The Keep Safe Initiative is working to create a mobile panic button system for street sex workers. Existing devices with embedded GPS and cellular technology will be provided to sex workers, allowing them to call for help at the push of a button. These devices generate a SOS text message , which would be delivered to a pre-specified number with GPS coordinate and a link to the woman’s position on Google maps. At this time, it is undecided who calls for help will go to; ideas range from friends or local sex worker advocacy organizations, to 911dispatch or possibly a combination of several parties with the functionality to choose between them.
Vancouver is an ideal city to pilot The Keep Safe Initiative as the safety of sex workers is high on the public’s agenda, particularly with the Missing Women’s Commission of Inquiry. Sex workers and sex worker advocates in Vancouver have also proposed the implementation of GPS-based safety devices. In a 2012 survey, published in the Downtown Eastside Consultation Report, sex workers said they believed GPS emergency devices would improve their safety.
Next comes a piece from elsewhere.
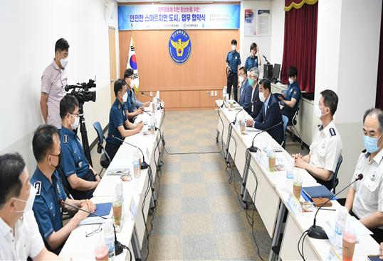 [KNT한국뉴스타임] 윤화섭 안산시장은 13일 안산상록경찰서에서 열린 ‘안전한 스마트치안 도시’ 업무 협약식에 참석해 경찰·소방 등 관계기관과 함께 시민의 안전을 위해 적극 노력하기로 힘을 모았다.

The Keep Safe Initiative believes that any attempt to improve the safety of sex workers should be driven by sex workers themselves. It was not until we were approached by Vanessa Forro, a long time sex worker advocate, that things began to move forward with our project. Vanessa encouraged us to connect with the sex worker community We presented our idea to Vanessa’s colleagues for feedback.. After lots of consultation with sex worker advocates, The Keep Safe Initiative is now in a fundraising phase. Our next steps are to run focus groups with sex workers on the Downtown Eastside a pilot the concept with them. How The Keep Safe Initiative develops from there will really be determined by whether the participating street sex workers find that the devices truly do improve their safety.
(1) Potterat JJ, Brewer DD, Muth SQ, et al. (April 2004). “Mortality in a long-term open cohort of prostitute women”. Am. J. Epidemiol. 159 (8): 778–85. doi:10.1093/aje/kwh110.PMID 15051587.